LNP medicines have the potential to transform patient care in the near future, and encapsulating biological material is now an integral part of the early-stage development of genetic medicines and vaccines. To bring an LNP-based therapeutic to the global market, researchers need to consider how quickly they can go from screening nanoformulations to the clinic and, ultimately, on to commercialisation. To synthesise LNPs reliably and reproducibly with optimal performance characteristics, there is a clear requirement for automated high-throughput platforms that offer excellent synthesis control. Novel microfluidics systems meet this need, combining controlled synthesis of LNP formulations with automated high-throughput formulation screening to minimise costs and shorten development timelines. These innovative platforms are already helping to accelerate the development of therapeutics that rely on lipid-based drug delivery mechanisms, advancing the creation of genetic medicines and cancer treatments to help address some of the world’s urgent healthcare challenges.

REFERENCES

  1. Cui L et al, “Development of a high-throughput platform for screening lipid nanoparticles for mRNA delivery”. Nanoscale, 2022, Vol 14, pp 1480–1491.
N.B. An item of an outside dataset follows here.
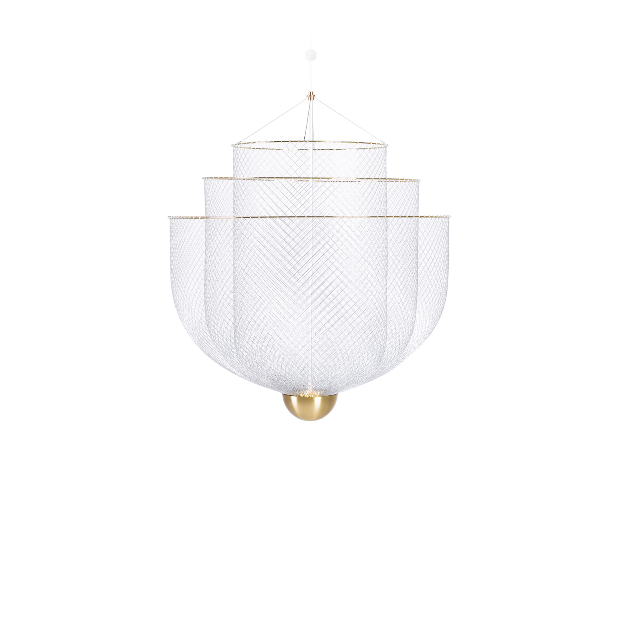 Meshmatics Chandelier är en taklampa från Moooi, formgiven av Rick Tegelaar. När man först fäster blicken på Meshmatics kan man aldrig gissa vad som ligger bakom den sofistikerade exteriören – ett simpelt metallnät. Taklampan består av tre lager galvaniserat stålnät och har utsökta detaljer i polerad mässing. Meshmatics Chandelier tillgänglig i olika storlekar.
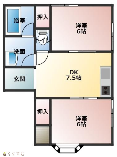 | 間取り | 2DK (洋室:6、6) ガスコンロ付/B・T別室/追い焚き機能/ユニットバス/給湯/シャワー/エアコン |

  2. Beltrán-Gracia E et al, “Nanomedicine review: Clinical developments in liposomal applications”. Cancer Nano, 2019, Vol 10, p 11.
  3. Zaslavsky J, Bannigan P, Allen C, “Re-envisioning the design of nanomedicines: Harnessing automation and artificial intelligence”. Expert Opin Drug Deliv, 2023, Vol 20(2), pp 241–257.
  4. Tenchov R et al, “Lipid Nanoparticles from Liposomes to mRNA Vaccine Delivery, a Landscape of Research Diversity and Advancement”. ACS Nano, 2021, Vol 15, pp 16982–17015.
  5. Hassett KJ et al, “Optimization of Lipid Nanoparticles for Intramuscular Administration of mRNA Vaccines”. Mol Ther Nucleic Acids, 2019, Vol 15, pp 1–11.
  6. Danaei M et al, “Impact of Particle Size and Polydispersity Index on the Clinical Applications of Lipidic Nanocarrier Systems”. Pharmaceutics, 2018, Vol 10(2), p 57.
  7. Hald Albertsen C et al, “The role of lipid components in lipid nanoparticles for vaccines and gene therapy”. Adv Drug Deliv Rev, 2022, Vol 188, p 114416.
  8. Zhao X et al, “Microfluidic Generation of Nanomaterials for Biomedical Applications”. Small, 2020, Vol 16(9), p 1901943.